Arne Simon, Kinderarzt am Uni-Klinikum des Saarlandes sowie zweiter Vorsitzender der Deutschen Gesellschaft für Pädiatrische Infektiologie, erklärt: „Wir wissen seit längerem, dass Kinder maßgeblich daran beteiligt sind, das Grippevirus zu übertragen. Eine größere Grippewelle und die Pandemie kann das Gesundheitssystem nur schwer verkraften.“

Die WHO empfiehlt die Grippeimpfung für Kinder ab sechs Monaten – USA und auch Skandinavien handeln bereits nach dieser Empfehlung. Hingegen rät die deutsche Ständige Impfkommission (StiKo), nur Kinder mit Grund- oder Vorerkrankungen regelmäßig gegen die Grippe zu impfen.

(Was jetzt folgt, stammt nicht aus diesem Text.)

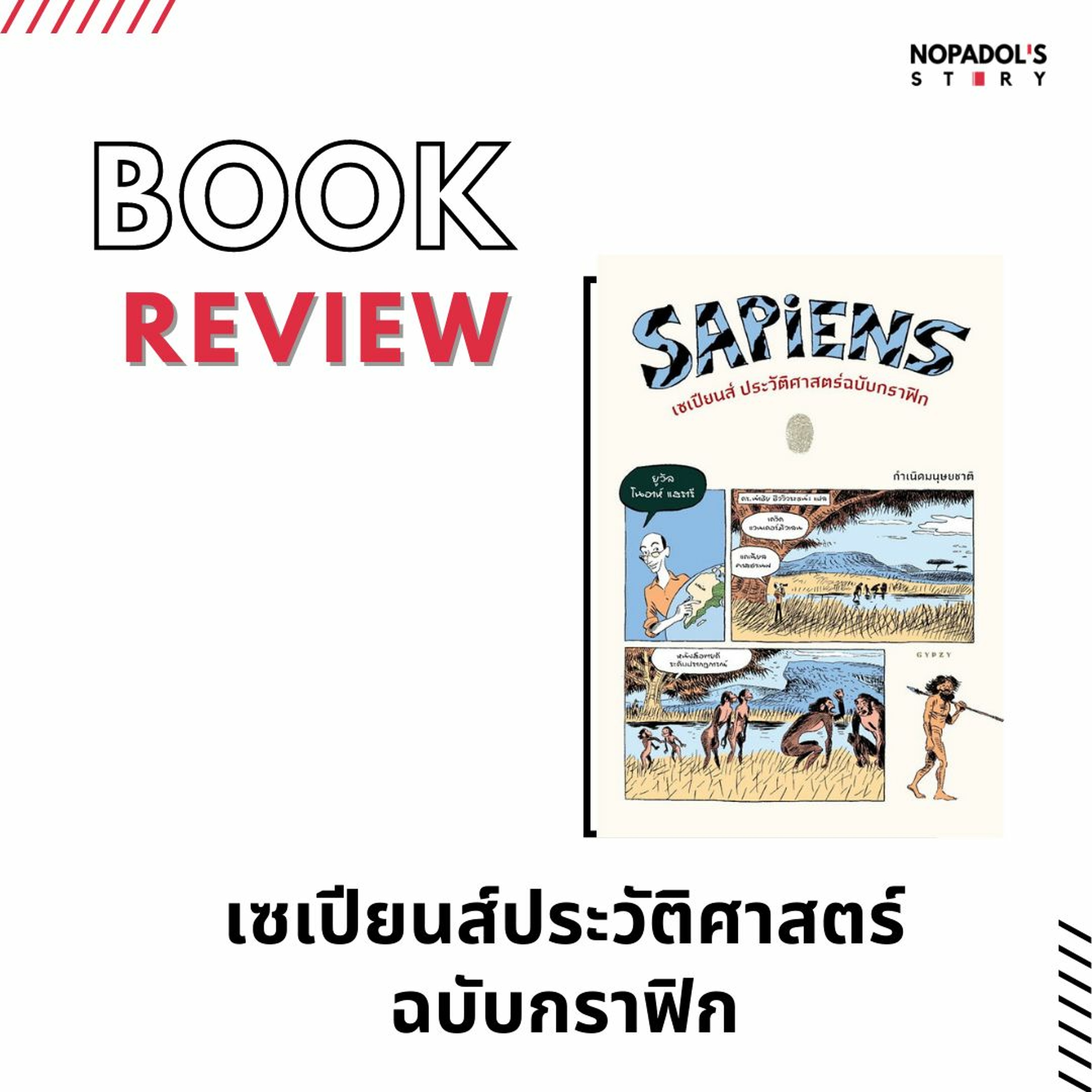 เป็นหนังสือที่เล่าถึงประวัติศาสตร์ของมนุษย์พันธุ์เซเปียนส์ที่เป็นเผ่าพันธุ์ของมนุษย์ในยุคปัจจุบัน โดยเป็นการเล่าผ่านรูปภาพ โดยเล่มนี้จะเล่าจนถึงก่อนมีการปฏิวัติเกษตรกรรม ลองฟัง Review กันได้ครับ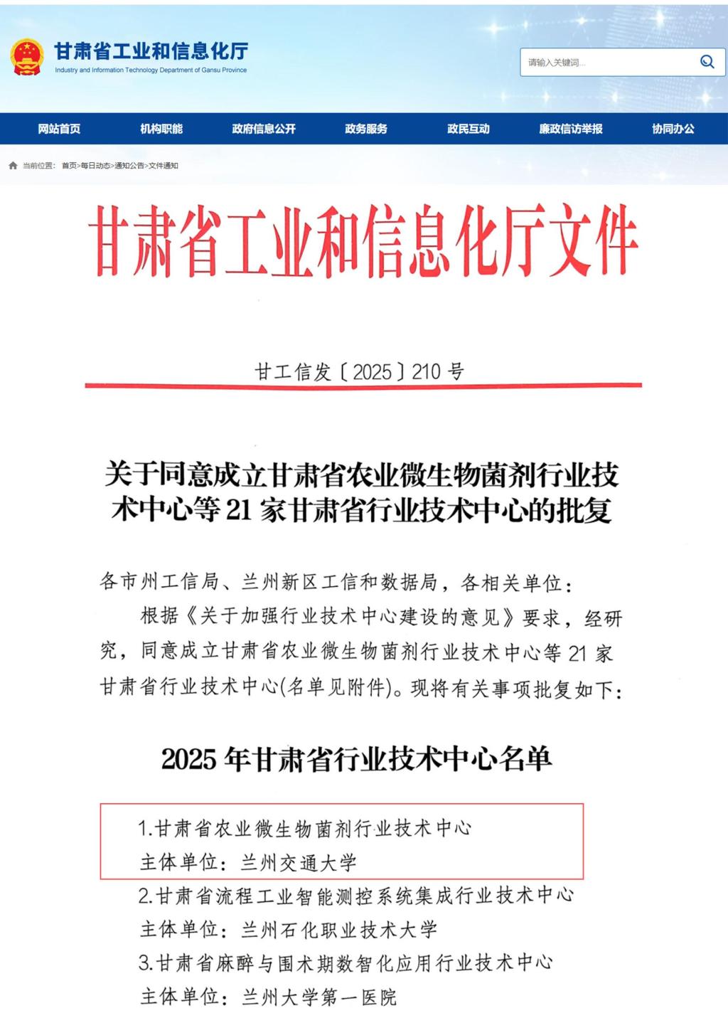 近日,甘肃省工业和信息化厅下发通知,由我院申报的“甘肃省农业微生物菌剂行业技术中心”成功获批。该中心的设立,标志着我院在农业微生物领域的科研实力、技术创新与产业服务能力获得了省级主管部门的高度认可,是我院省级科研平台建设的又一项重大突破。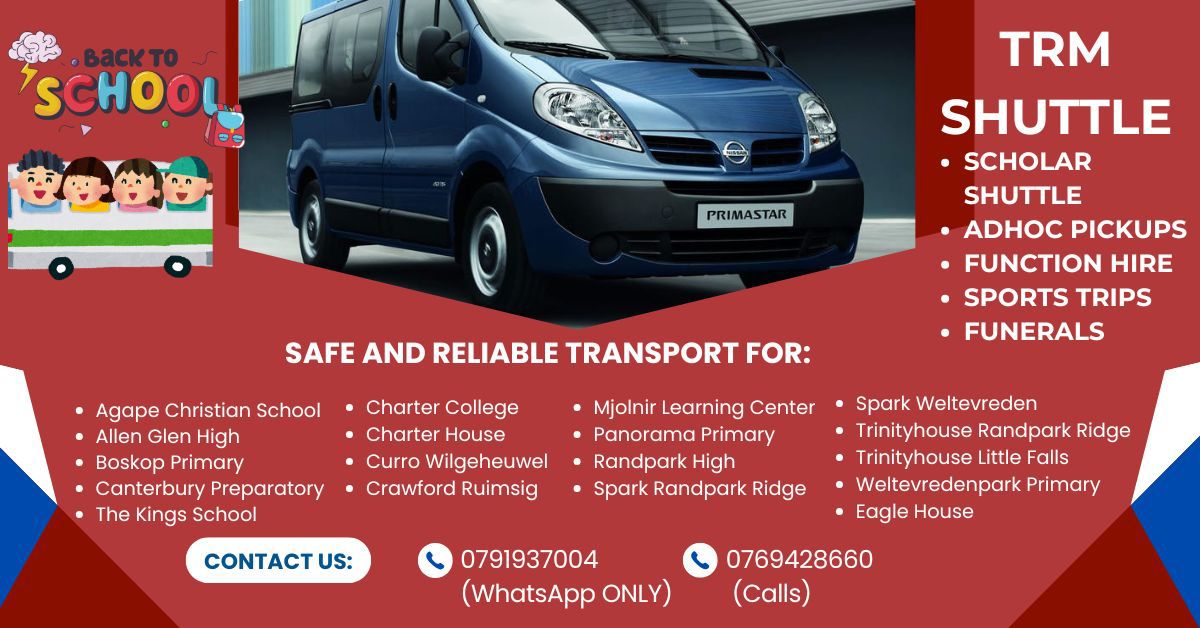 Scholar Transport in and around Wilgeheuwel, Weltervreden Park, Randpark Ridge, Honeydew, Radiokop, Allen's Nek, Radiokop, Rumisig, Amarosa, Constantia Kloof, Little Falls and surrounding areas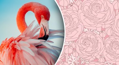 De flamingo is onderaan de afbeelding te zien. De aanwezigheid van veel roze bloemen op een roze achtergrond maakt het moeilijk om de vogel te herkennen, omdat hij ook roze van kleur is. In de afbeelding hieronder is de flamingo omcirkeld.

Die Grippeimpfung bei Kindern erfolgt entweder durch das Spritzen der halben Erwachsenendosis eines Totimpfstoffs oder per Nasenspray.

Laut Arne Simon ist die Grippeimpfung sehr gut verträglich. Nur wenige Geimpfte weisen leichte Erkältungssymptome auf. Er erklärt weiters, dass auch kein Mediziner deshalb einen Corona-Test durchführen würde. Vor allem, wenn dieser über die vorhergehende Impfung Bescheid weiß.
Die Testkriterien des Robert Koch-Instituts sieht ebenfalls keinen Corona-Test nach einer Grippeimpfung vor.

Corona-Test reagiert nicht auf Grippeerreger H1N1

H1N1 ist übrigens kein Corona-, sondern ein Influenzavirus. Wird ein Corona-Test durchgeführt, reagiert dieser nicht auf Grippeerreger wie H1N1, erklärt Matthias Stoll, Immunologe an der Medizinischen Hochschule Hannover.

Diese beiden Erregergruppen sind unterschiedlich aufgebaut und besitzen ein spezifisches Genom. Bei einem Corona-Test (PCR) werden mittels „Primer“ nach Gensequenzen gesucht, die sich ausschließlich in SARS-CoV-2-Viren finden, aber eben nicht in Influenzaviren. Durch die Primer werden diese angezeigt.

Fazit

Die Grippeimpfung bei Kindern nimmt keinen Einfluss auf eine „2. Corona-Welle“. Sie gilt lediglich als Vorsichtsmaßnahme, um das Gesundheitssystem vor einer starken Grippewelle neben der Corona-Pandemie zu bewahren und somit nicht zu überlasten.

Corona-Tests reagieren außerdem nicht auf Grippeerreger wie H1N1, das ein Influenzavirus ist und sich deutlich von SARS-CoV-2-Viren unterscheidet.